- DATASET CONTENT:
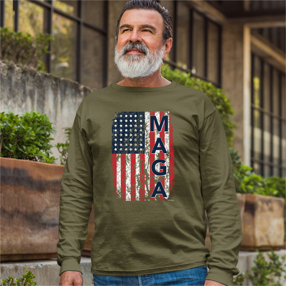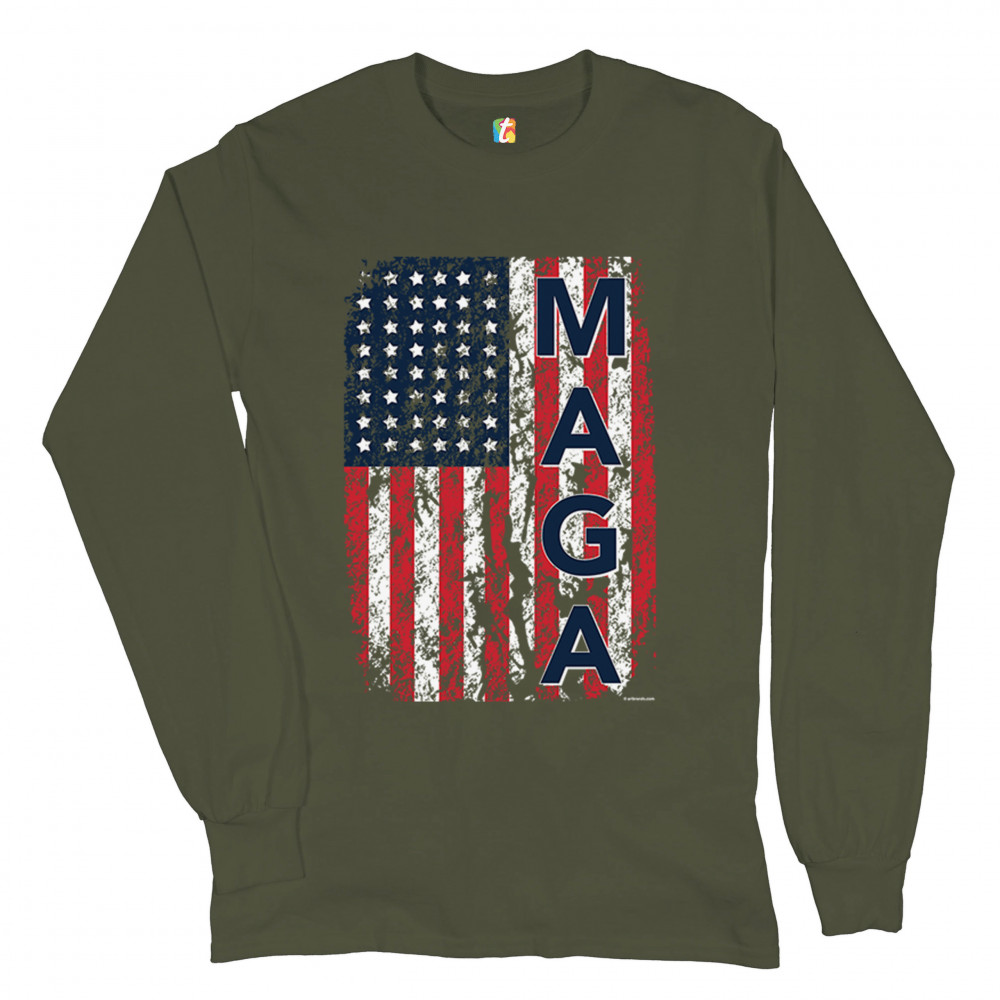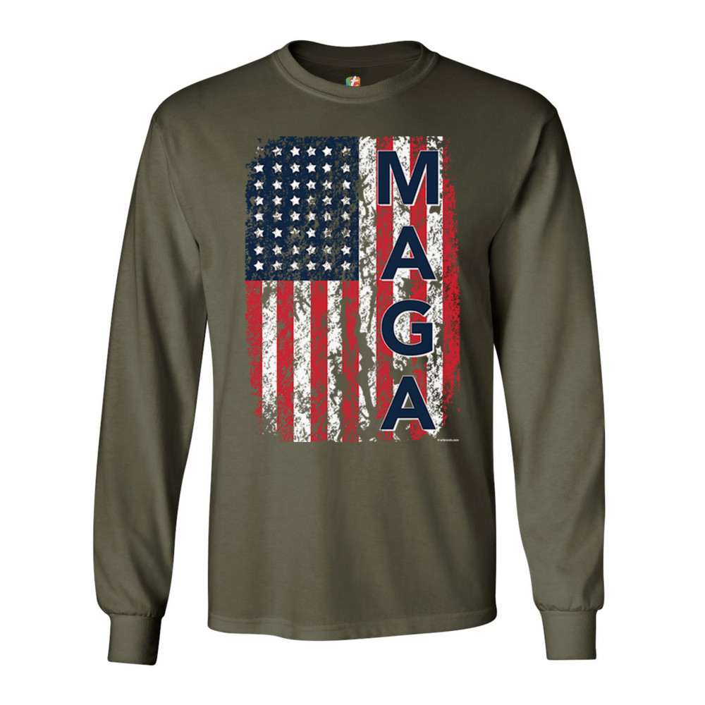 MAGA FLAG long sleeve t-shirt donald trump 2020 flag keep america great military green
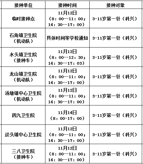 11月12日新冠疫苗接种安排
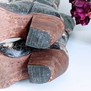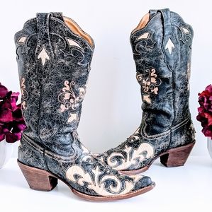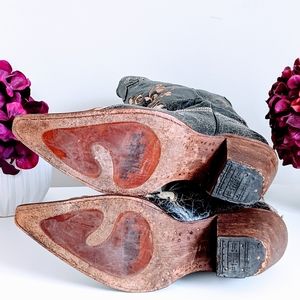 Elegant black boots with intricate cream embroidery. Stylish heeled design. Perfect for any occasion.

- REQUIRED WORK: Your copy should hold exactly the lines from the line bearing "11月12日新冠疫苗接种安排" through the end of the data, both included, and no pictures or anything further.

- YOUR SOLUTION:
 11月12日新冠疫苗接种安排
 Elegant black boots with intricate cream embroidery. Stylish heeled design. Perfect for any occasion.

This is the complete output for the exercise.